The company highlighted: “With the launch of Zarxio, we look forward to increasing patient, prescriber and payor access to filgrastim in the US by offering a high-quality, more affordable version of this important oncology medicine.” This statement may be interpreted as an acknowledged of a research based global pharma major that high-priced biologics create a notable access barrier to a large number of patients, even in a rich country such as the United States. It also underscores the increasing prescription opportunities for cheaper biosimilar drugs.
Zarxio will initially be available with a 15 percent discount. This needs to be viewed against usual price drop of around 20-30 percent for biosimilar drugs in Europe, as compared to the original molecules. It is expected that price differences between biosimilar drugs and the original ones, would vary widely from as low as 10 percent to a hefty 60 percent, in the global markets.
Prior to Novartis’s Press Release, USFDA announced Zarxio’s approval in a separate ‘FDA News Release on March 6, 2015, indicating that it can be prescribed by a health care professional for:
- patients with cancer receiving myelosuppressive chemotherapy
- patients with acute myeloid leukemia receiving induction or consolidation chemotherapy
- patients with cancer undergoing bone marrow transplantation
- patients undergoing autologous peripheral blood progenitor cell collection and therapy a
- patients with severe chronic neutropenia.
Though such types of drugs are available in the important markets such as, Europe, Australia and India, the launch of Zarxio heralds the dawn of a new era of biosimilar drugs in the United States – the numero uno of the global pharma market.

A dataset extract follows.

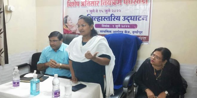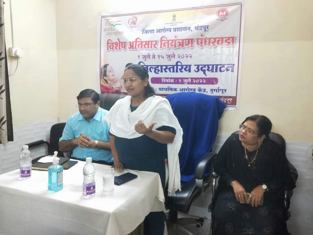 नियंत्रण पंधरवाडा कार्यक्रमाची जनजागृती करून कार्यक्रम यशस्वी करण्याचे आवाहन प्रभारी मुख्य कार्यकारी अधिकारी वर्षा गौरकार यांनी यावेळी केले. जिल्हा आरोग्य अधिकारी डॉ. राजकुमार गहलोत यांनी कार्यक्रमाच्या प्रास्ताविकेत विशेष अतिसार नियंत्रण पंधरवडा कार्यक्रमाचे महत्त्व याबाबत सविस्तर मार्गदर्शन केले. कार्यक्रमाचे संचालन मुरलीधर नन्नावरे तर आभार डॉ.आशिष वाकडे यांनी मानले. कार्यक्रमाला प्राथमिक आरोग्य केंद्र, दुर्गापुर येथील कर्मचारी उपस्थित होते.

Incidentally, USFDA’s approval of biosimilar drugs is an outcome of a relatively recent healthcare reform in the United States, when President Obama signed into law the ‘Affordable Care Act’ on March 23, 2010.
The key benefit:
In its above ‘Press Release’, Novartis captured well the key benefits of biosimilar drugs , as follows:
“While biologics have had a significant impact on how diseases are treated, their cost and co-pays are difficult for many patients and the healthcare budget in general. Biosimilars can help to fill an unmet need by providing expanded options, greater affordability and increased patient access to life-saving therapies.”
Major growth drivers:
According to July 2015 report of ‘MarketsandMarkets (M&M)’ the global biosimilars market is expected to grow to US$6.22 Billion by 2020 from US$2.29 Billion in 2015, growing at a CAGR of 22.1 percent from 2015 to 2020.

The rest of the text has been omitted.